● WHAT IS NEEDED: Write out the listing verbatim. No pictures belong in it.

● SOURCE DATA:
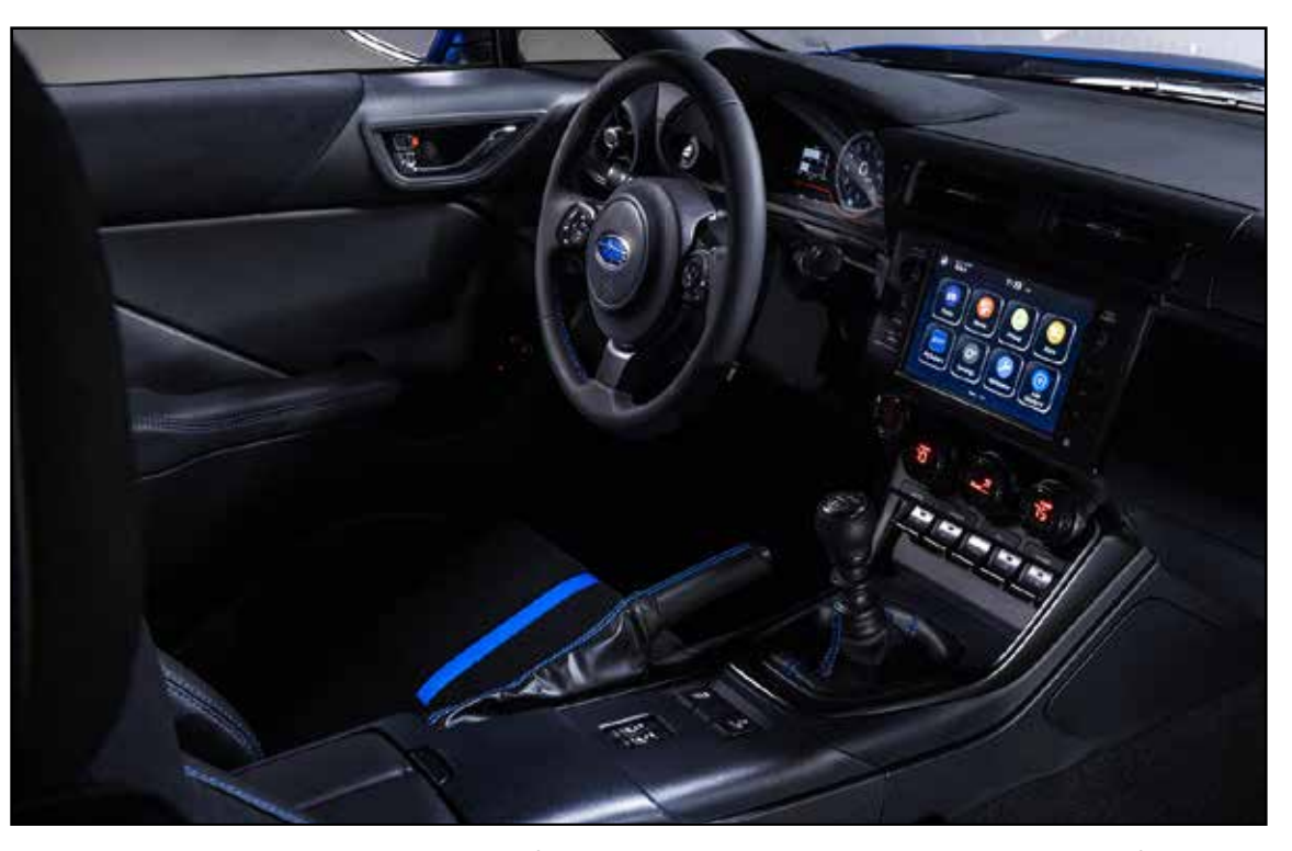
While not luxurious, the BRZ's driver-focused cockpit provides all the essentials for an engaging driving experience, with supportive seats and well-placed controls.

The STI-tuned suspension in the tS model that I tested offers even sharper responses without significantly compromising ride
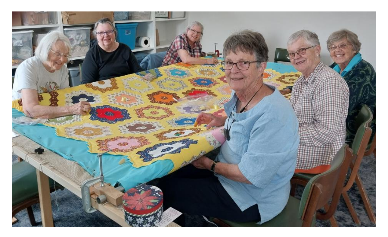
Charity Quilters working together on this lovely hand quilted creation. You just cannot get this kind of love in a store bought quilt.

● WORKED SOLUTION:
While not luxurious, the BRZ's driver-focused cockpit provides all the essentials for an engaging driving experience, with supportive seats and well-placed controls.

The STI-tuned suspension in the tS model that I tested offers even sharper responses without significantly compromising ride
Charity Quilters working together on this lovely hand quilted creation. You just cannot get this kind of love in a store bought quilt.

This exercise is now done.